Any time you get a writer (and this is no groundbreaking revelation) setting his or her story in a world he or she truly knows, there’s nothing but great results to be had. Seeley has a ball pushing his heroine through the geek scene, an environment he – and I’m sure all of us – is probably familiar with all too well. The convention circuit is one that invites all sorts of freaks to come along for a ride, and in Comic Book Carnage you literally get an introduction to them all, from the 30 Days of Night-quoting Internet fiend to those lonely fellas out there who need to have a snapshot taken of them with every hot chick who wouldn’t normally give them the time of day if they weren’t getting paid to be there. Cassie’s reactions to her surroundings are priceless and Seeley sheds another layer of the innocently simple, but curiously complex, mind of Vlad as we witness the lovable brute connecting with Kirkman over some childhood similarities. In-jokes, homages and other sight gags pack each page (Cassie’s Death By Boobjob 2 viewing experience breakdown is a good ‘un) not leaving us much breathing room to gain heavy insight into the minds of our leads. When the moments come – whether it’s when Cassie’s in the tub (ahem, thank you) or after she’s almost being strangled by entrails – they’re often bittersweet and reflective enough to keep us satisfied until the next issue.

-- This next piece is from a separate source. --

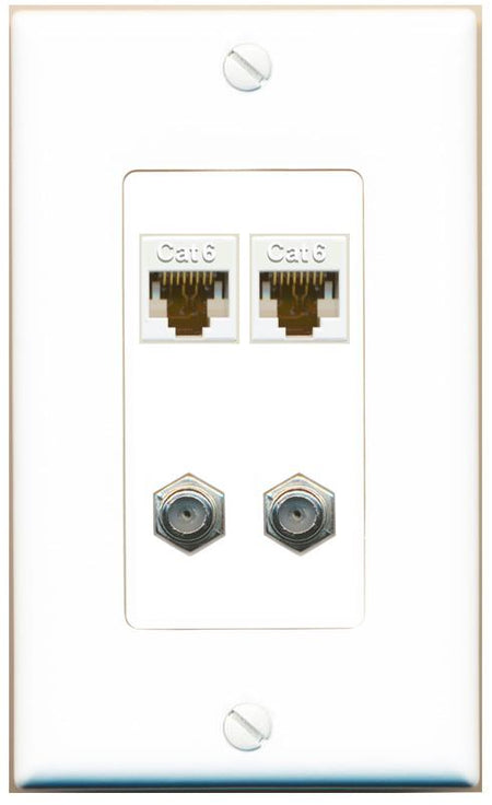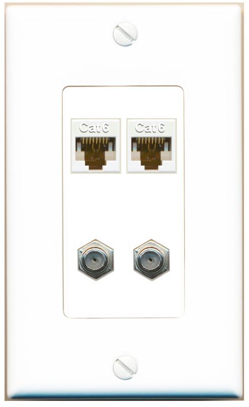 RiteAV 2 CAT6 2 COAX Wall Plate Decorative [White]

It goes without saying that Federica Manfredi – who cut her teeth on Hack/Slash in Girls Gone Dead – continues to make my jaw drop in the art department. Her strength lies in the eyes; she’s also pretty damn fine at making the blood spill, which there is a lot of and will appease the gorehounds. I get the feeling, though, we’re in for a freakin’ massacre when Evil Ernie and Cassie cross paths in June.

If you haven’t discovered Hack/Slash yet, there’s no stranger, more hilarious, more macabre place to start than with Comic Book Carnage (other than busting your ass to get the first two issues). It’s a sequel worthy of attention and we all know in this genre that’s a rarity and an achievement in and of itself.